Job Description
Responsibilities:
The work you will do includes:
- · Develop, test & deploy advanced Computer Vision algorithms for industrial apps, ensuring real-time processing & high accuracy
- · Work with data scientists to preprocess and annotate datasets, and with software engineers to integrate vision solutions into OT systems
- · Continuously monitor, troubleshoot, and optimize vision systems for performance and efficiency.
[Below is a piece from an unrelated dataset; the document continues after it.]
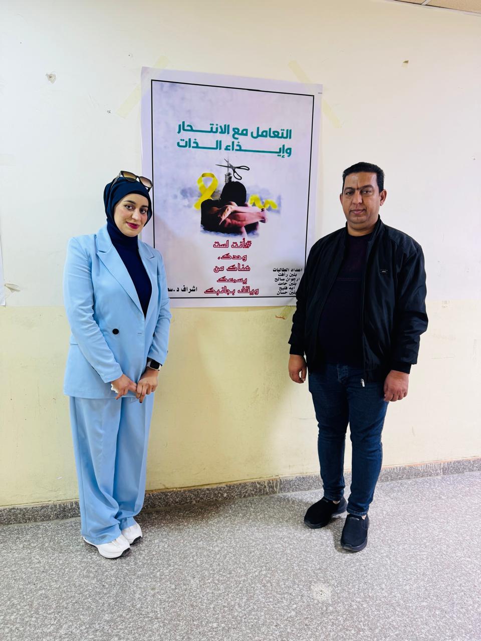 تضمنت الحملة التي اشرف عليها كل من الدكتورة سعاد نجم, والدكتور نصير زاير نشر مجموعة من البوسترات التوعوية للطلبة في مادة الارشاد التربوي والنفسي تتناول مجموعة الموضوعات ذات التأثير في المجتمع ومنها ( المخدرات ، الاكتئاب ، الانتحار ، العنف ، التنمر ، الابتزاز الإلكتروني ) ..

- · Update and retrain models to adapt to new data and changing conditions
QUALIFICATIONS
Skills / Project Experience:
- Hands exp. In programming languages such as Python, C++ with GPU programming and parallel processing using CUDA or OpenCL
Must Have:
· Good interpersonal and communication skills
· Flexibility to adapt and apply innovation to varied business domain and apply technical solutioning and learnings to use cases across business domains and industries
· Knowledge and experience working with Microsoft Office tools
Good to Have:
- Problem-Solving: Strong analytical and troubleshooting skills to address client-specific challenges.
- Adaptability: Ability to quickly adapt to changing client requirements and emerging technologies.
- Project Leadership: Demonstrated leadership in managing client projects, ensuring timely delivery and client satisfaction.
- Business Acumen: Understanding of business processes and the ability to align technical solutions with client business goals.
Education:
B.E./B. Tech/M.C.A./M.Sc (CS) degree or equivalent from accredited university
Prior Experience:
6 - 10 years of experience working with
· Proven experience in developing and deploying computer vision solutions in industrial or manufacturing settings.
- Hands-on leadership or significant contributions in end-to-end project execution – from data acquisition and preprocessing to model deployment and integration with OT systems.
- Track record of working with cross-functional teams including data scientists, control engineers, and software developers.
- Experience fine-tuning state-of-the-art Vision Transformer models and demonstrating measurable impact over traditional CNN-based methods.
- Exposure to real-time systems, model optimization techniques, and deploying vision solutions on edge devices or embedded systems.